Your answer must be the exact lines below, starting with the line with "無難な色合いでデニムやワイドパンツと合わせています。" and going on through the line with "Opting for a", both included, with no pictures.

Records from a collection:
[Start of section]
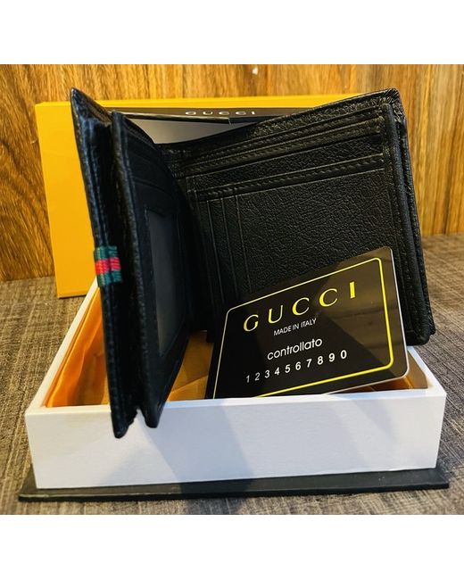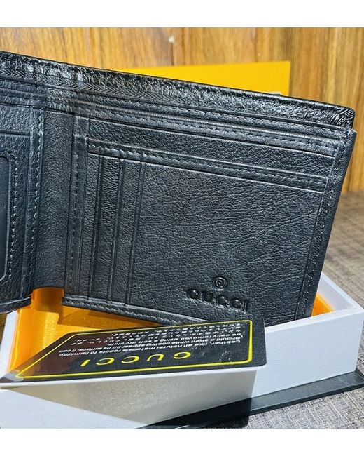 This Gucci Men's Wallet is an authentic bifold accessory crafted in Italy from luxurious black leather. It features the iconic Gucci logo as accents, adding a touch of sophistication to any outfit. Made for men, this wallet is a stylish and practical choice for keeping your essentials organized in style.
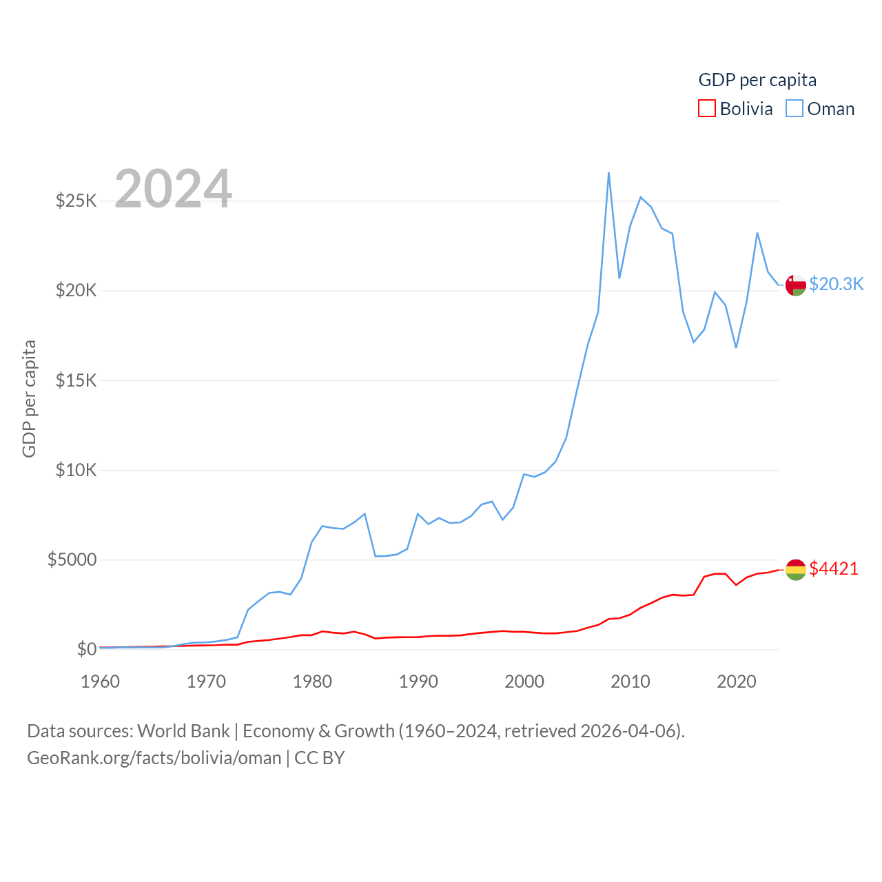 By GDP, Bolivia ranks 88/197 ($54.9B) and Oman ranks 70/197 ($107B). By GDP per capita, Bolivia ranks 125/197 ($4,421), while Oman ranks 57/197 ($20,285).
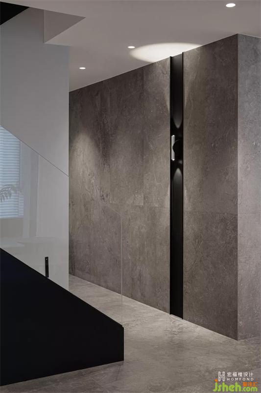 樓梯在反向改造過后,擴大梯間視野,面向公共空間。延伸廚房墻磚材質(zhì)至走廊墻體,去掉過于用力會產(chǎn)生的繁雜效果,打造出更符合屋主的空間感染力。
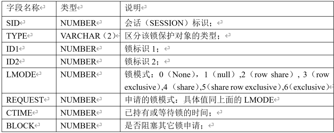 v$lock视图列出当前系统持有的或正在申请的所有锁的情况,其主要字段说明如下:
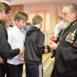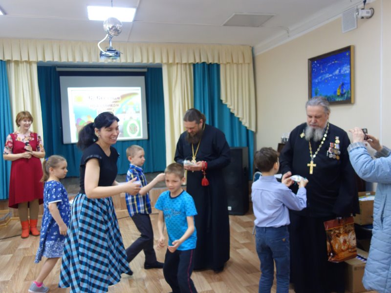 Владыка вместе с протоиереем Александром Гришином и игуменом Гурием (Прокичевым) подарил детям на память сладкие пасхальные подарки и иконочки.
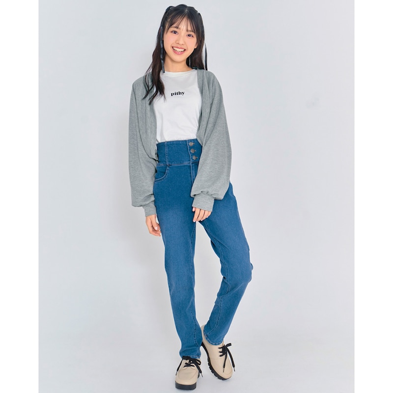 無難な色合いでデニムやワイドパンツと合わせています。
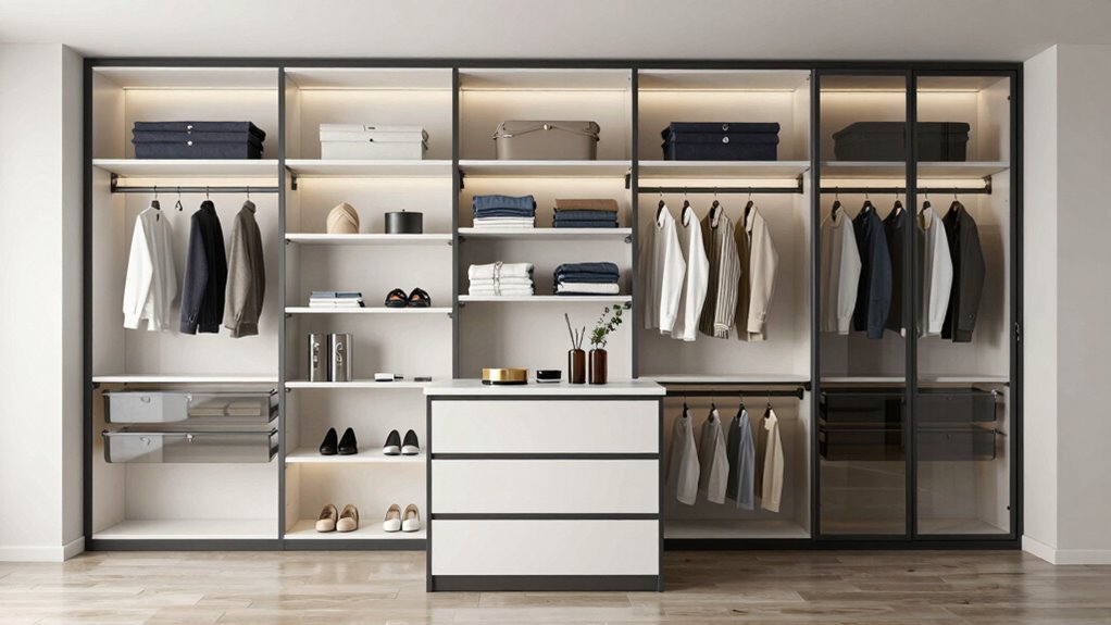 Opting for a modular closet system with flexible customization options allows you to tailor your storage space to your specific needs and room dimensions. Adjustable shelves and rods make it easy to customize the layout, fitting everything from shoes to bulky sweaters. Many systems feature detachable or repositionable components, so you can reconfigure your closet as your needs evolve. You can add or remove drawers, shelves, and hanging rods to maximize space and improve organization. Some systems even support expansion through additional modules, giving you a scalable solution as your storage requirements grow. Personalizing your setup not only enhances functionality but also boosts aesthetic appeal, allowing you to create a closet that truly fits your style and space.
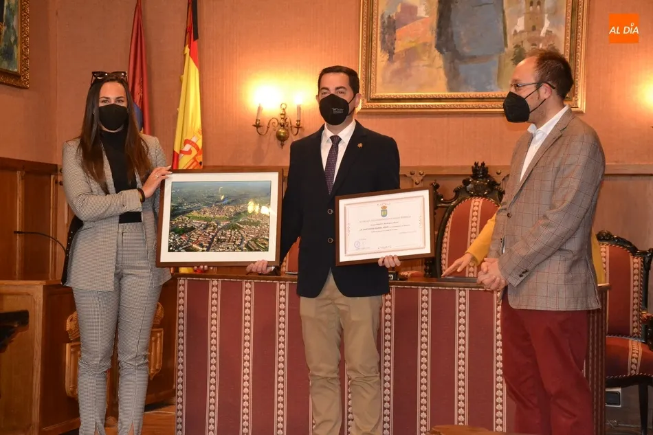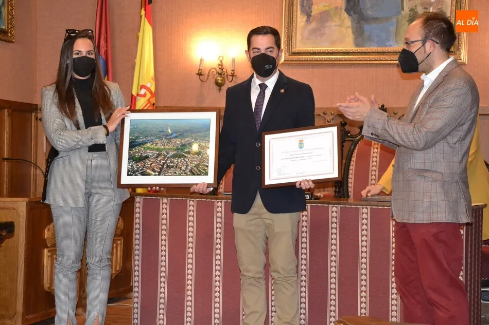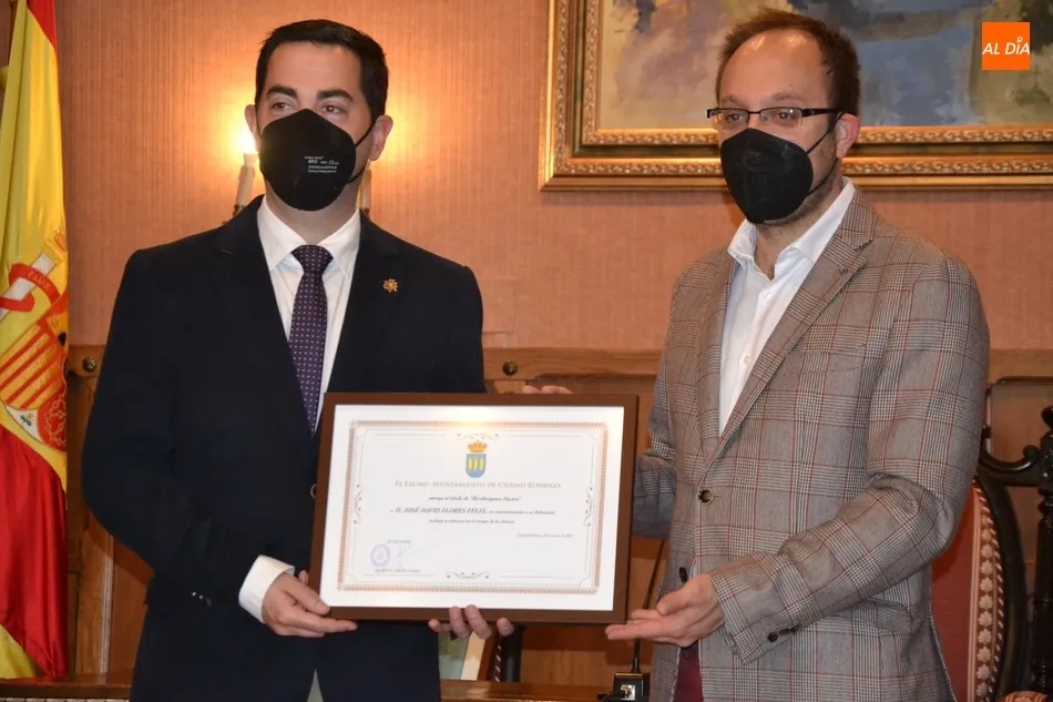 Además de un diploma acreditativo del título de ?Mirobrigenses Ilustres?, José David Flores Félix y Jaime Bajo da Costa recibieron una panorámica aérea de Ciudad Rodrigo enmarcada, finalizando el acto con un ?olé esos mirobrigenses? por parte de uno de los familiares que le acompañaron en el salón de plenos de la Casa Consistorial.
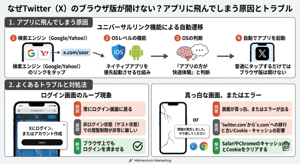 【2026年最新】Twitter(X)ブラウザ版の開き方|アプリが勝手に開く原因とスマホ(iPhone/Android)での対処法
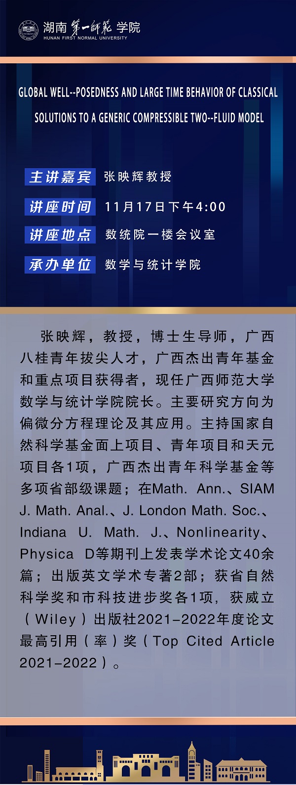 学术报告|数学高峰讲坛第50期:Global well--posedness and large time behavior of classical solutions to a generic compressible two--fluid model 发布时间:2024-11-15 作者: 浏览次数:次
[End of section]
### Response below:
 無難な色合いでデニムやワイドパンツと合わせています。
 Opting for a modular closet system with flexible customization options allows you to tailor your storage space to your specific needs and room dimensions. Adjustable shelves and rods make it easy to customize the layout, fitting everything from shoes to bulky sweaters. Many systems feature detachable or repositionable components, so you can reconfigure your closet as your needs evolve. You can add or remove drawers, shelves, and hanging rods to maximize space and improve organization. Some systems even support expansion through additional modules, giving you a scalable solution as your storage requirements grow. Personalizing your setup not only enhances functionality but also boosts aesthetic appeal, allowing you to create a closet that truly fits your style and space.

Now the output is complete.